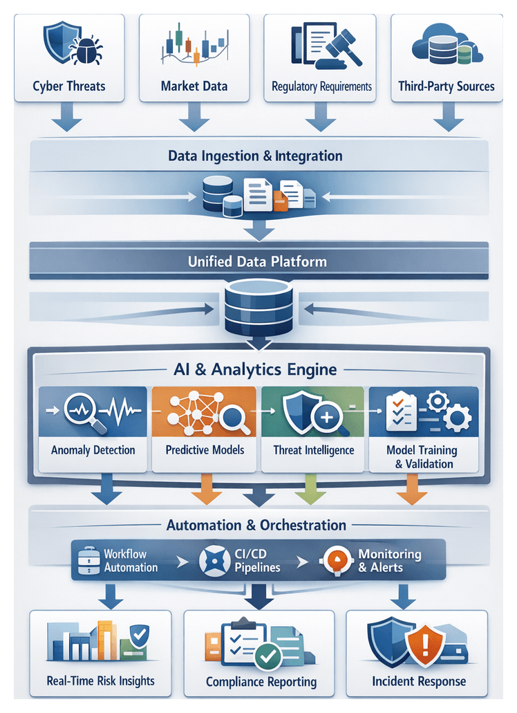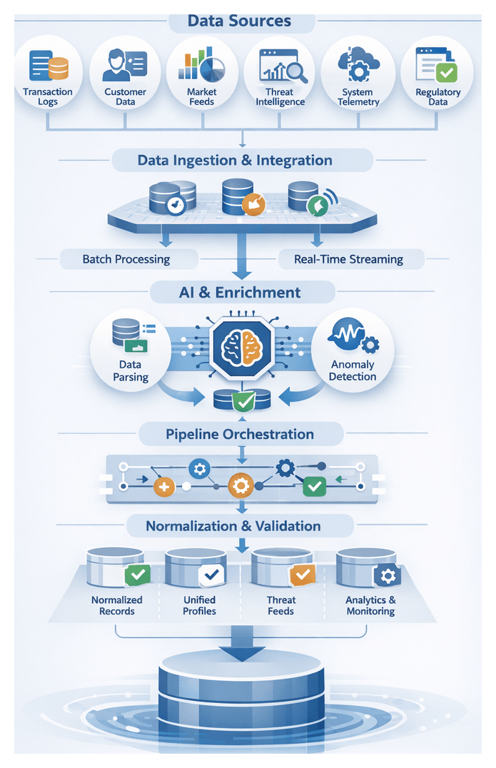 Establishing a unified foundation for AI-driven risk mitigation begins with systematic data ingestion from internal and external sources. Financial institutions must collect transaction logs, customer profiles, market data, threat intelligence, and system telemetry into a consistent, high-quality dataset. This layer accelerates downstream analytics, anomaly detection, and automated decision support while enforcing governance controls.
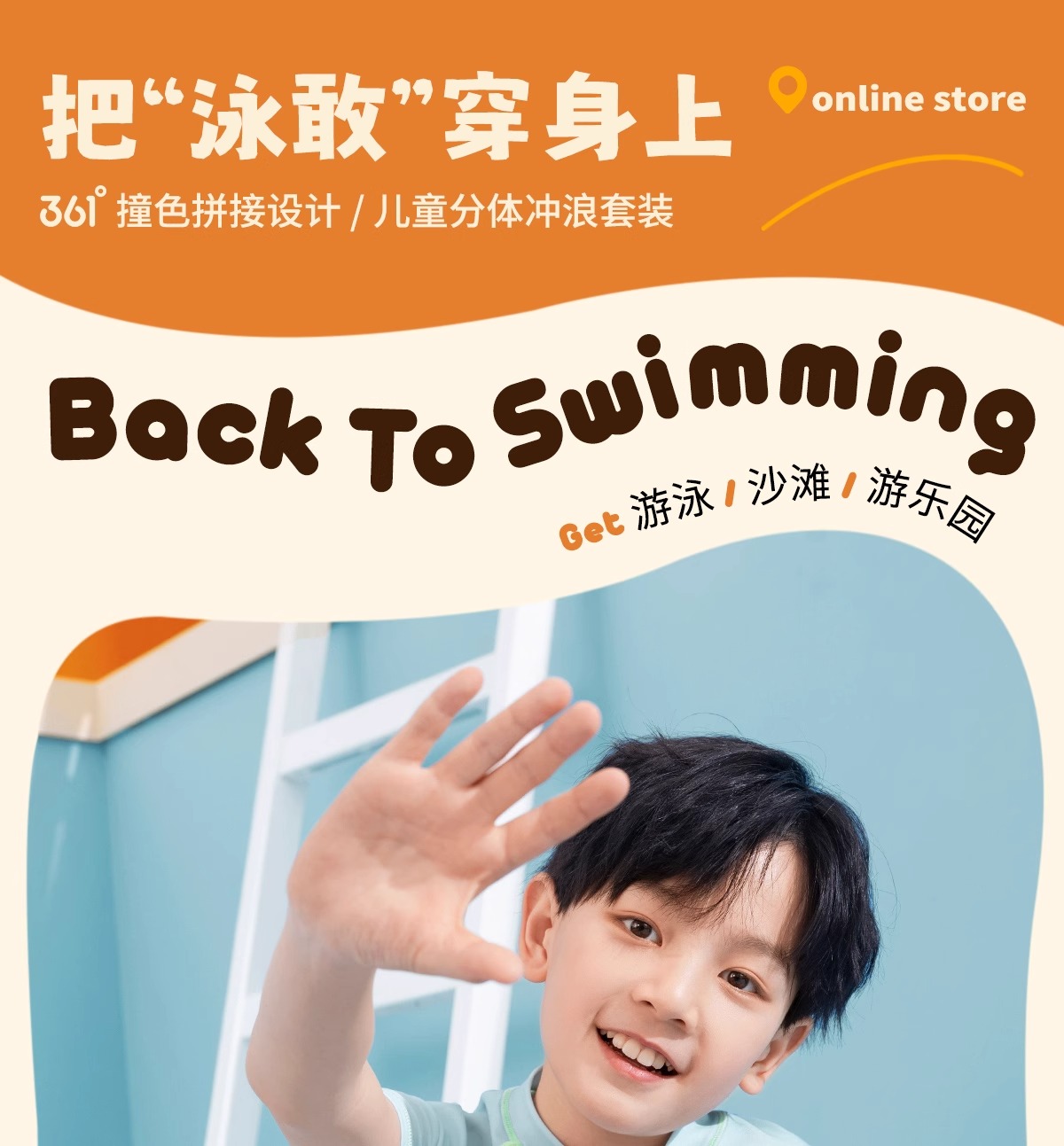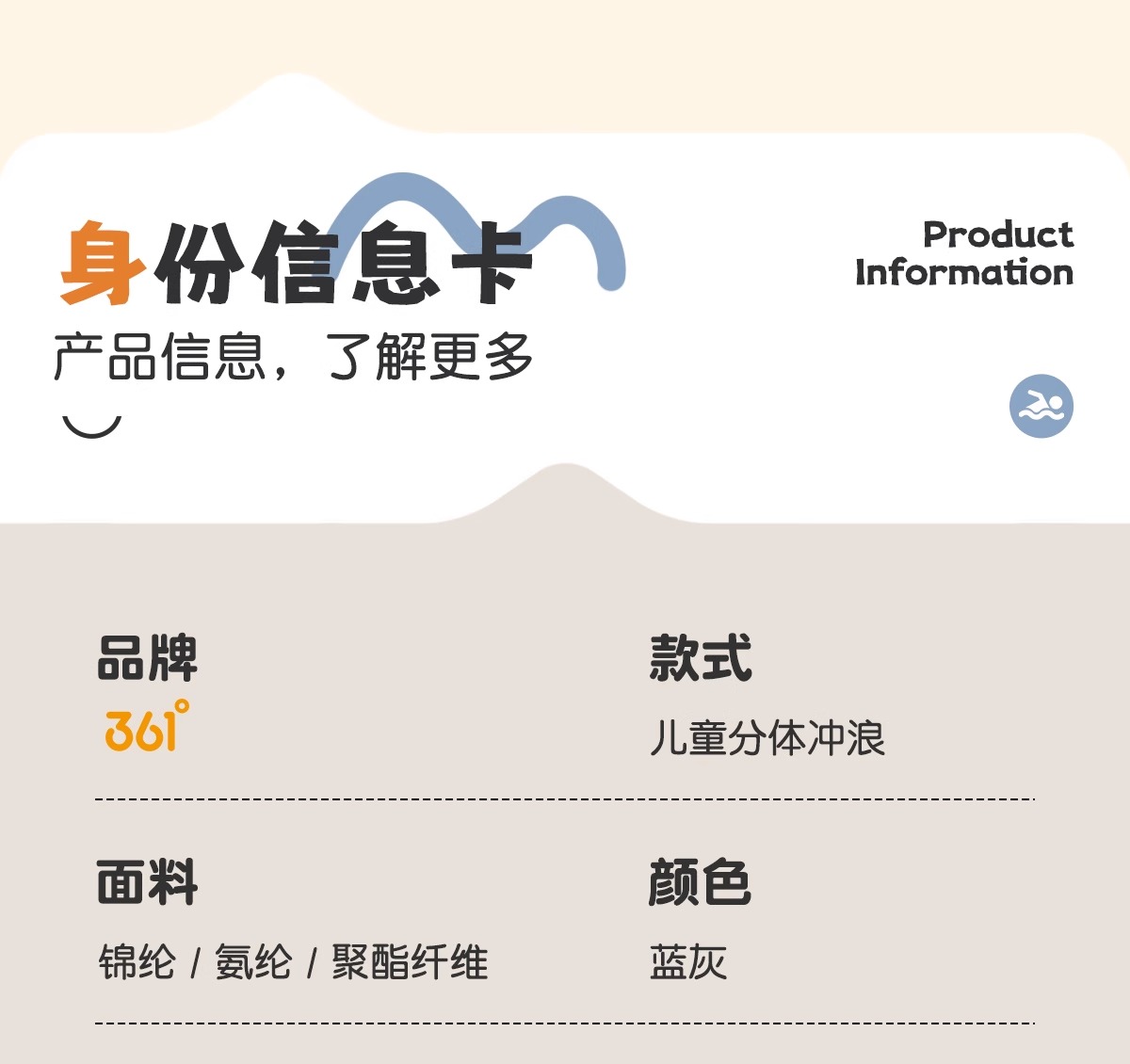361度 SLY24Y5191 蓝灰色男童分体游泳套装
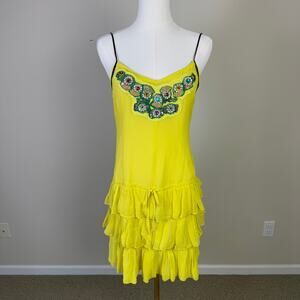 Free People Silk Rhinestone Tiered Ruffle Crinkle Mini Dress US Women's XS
....................
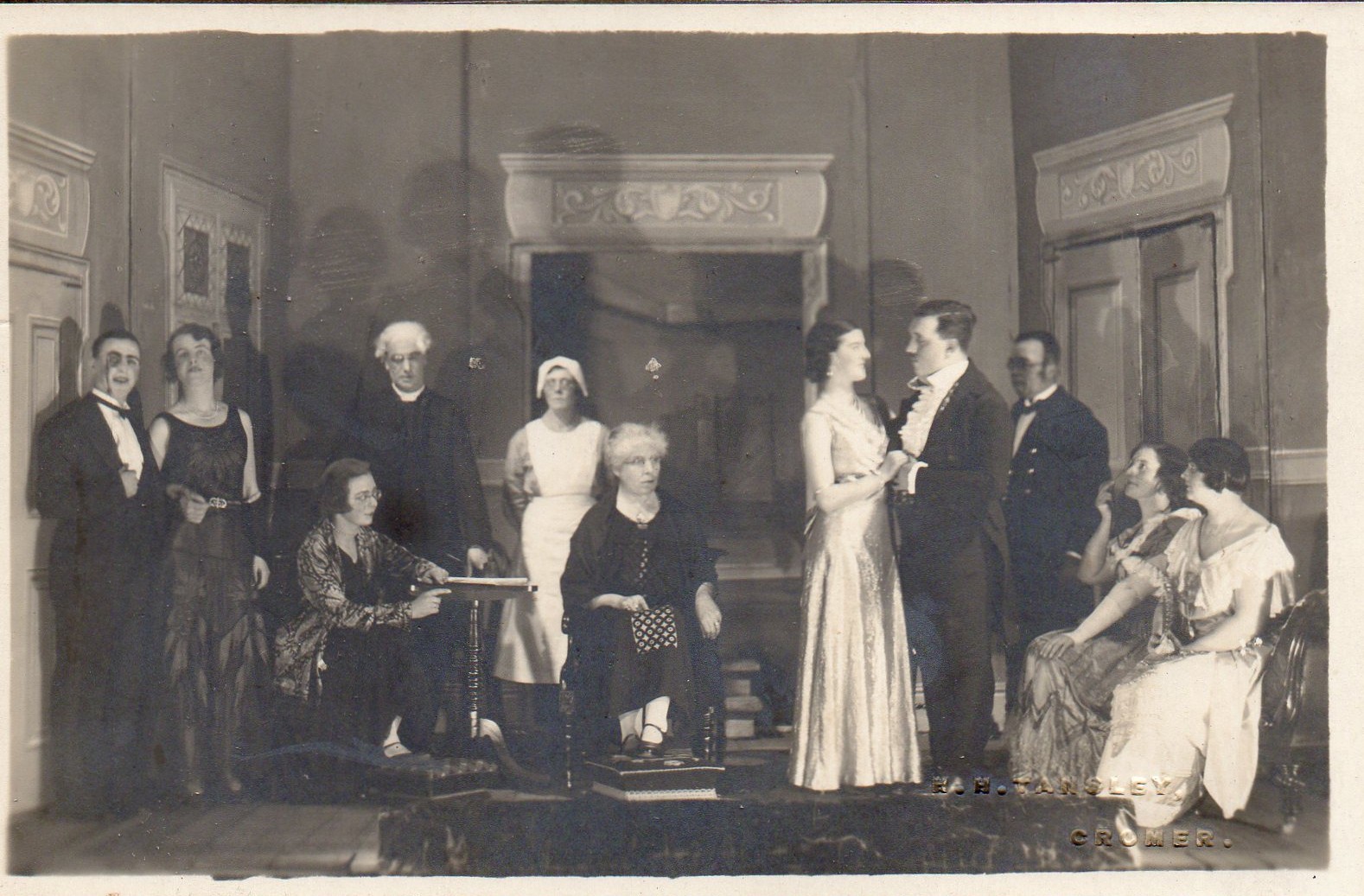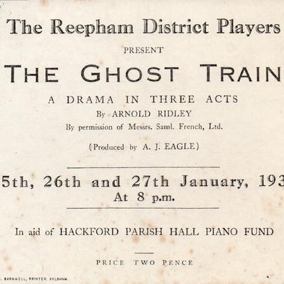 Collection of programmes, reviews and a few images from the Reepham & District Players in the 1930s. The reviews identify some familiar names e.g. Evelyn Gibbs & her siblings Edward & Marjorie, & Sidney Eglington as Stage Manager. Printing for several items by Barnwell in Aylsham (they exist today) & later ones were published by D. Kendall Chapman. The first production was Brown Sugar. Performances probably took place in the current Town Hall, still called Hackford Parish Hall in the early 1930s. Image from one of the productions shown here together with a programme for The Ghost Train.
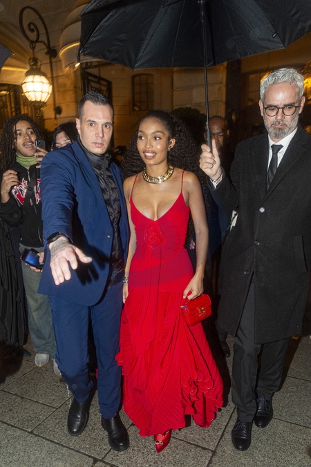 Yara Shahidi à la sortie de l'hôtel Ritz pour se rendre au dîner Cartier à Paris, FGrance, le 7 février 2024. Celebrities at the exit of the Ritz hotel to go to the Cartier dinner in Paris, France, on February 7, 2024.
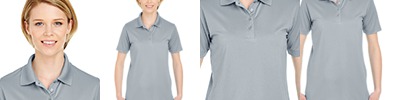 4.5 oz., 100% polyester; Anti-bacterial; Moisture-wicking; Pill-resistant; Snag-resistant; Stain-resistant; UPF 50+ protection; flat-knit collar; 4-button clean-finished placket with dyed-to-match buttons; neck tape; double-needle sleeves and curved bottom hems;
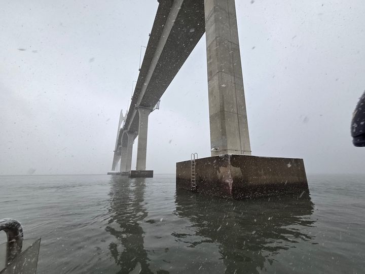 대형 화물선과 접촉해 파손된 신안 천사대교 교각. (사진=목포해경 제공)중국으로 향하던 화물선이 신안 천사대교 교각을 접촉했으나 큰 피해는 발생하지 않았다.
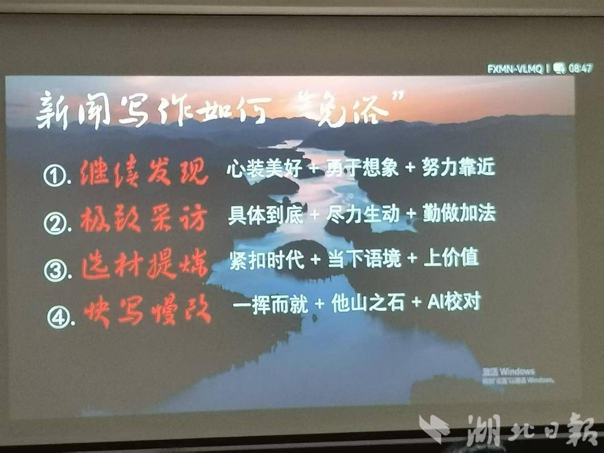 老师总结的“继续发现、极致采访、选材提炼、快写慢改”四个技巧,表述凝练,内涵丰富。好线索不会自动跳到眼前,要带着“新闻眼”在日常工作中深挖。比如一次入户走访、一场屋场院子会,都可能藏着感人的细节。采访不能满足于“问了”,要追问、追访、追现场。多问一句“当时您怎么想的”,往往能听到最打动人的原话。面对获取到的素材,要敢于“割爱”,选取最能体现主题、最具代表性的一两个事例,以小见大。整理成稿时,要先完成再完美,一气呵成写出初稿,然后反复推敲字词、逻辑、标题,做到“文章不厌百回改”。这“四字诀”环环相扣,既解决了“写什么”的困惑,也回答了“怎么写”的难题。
....................
## What to do:
The lines to copy exactly start with the line above that has "Establishing a unified" and go on through the line that has "Free People Silk"; please include both, add nothing else, and omit the pictures.

## Exercise result:
 Establishing a unified foundation for AI-driven risk mitigation begins with systematic data ingestion from internal and external sources. Financial institutions must collect transaction logs, customer profiles, market data, threat intelligence, and system telemetry into a consistent, high-quality dataset. This layer accelerates downstream analytics, anomaly detection, and automated decision support while enforcing governance controls.
361度 SLY24Y5191 蓝灰色男童分体游泳套装
 Free People Silk Rhinestone Tiered Ruffle Crinkle Mini Dress US Women's XS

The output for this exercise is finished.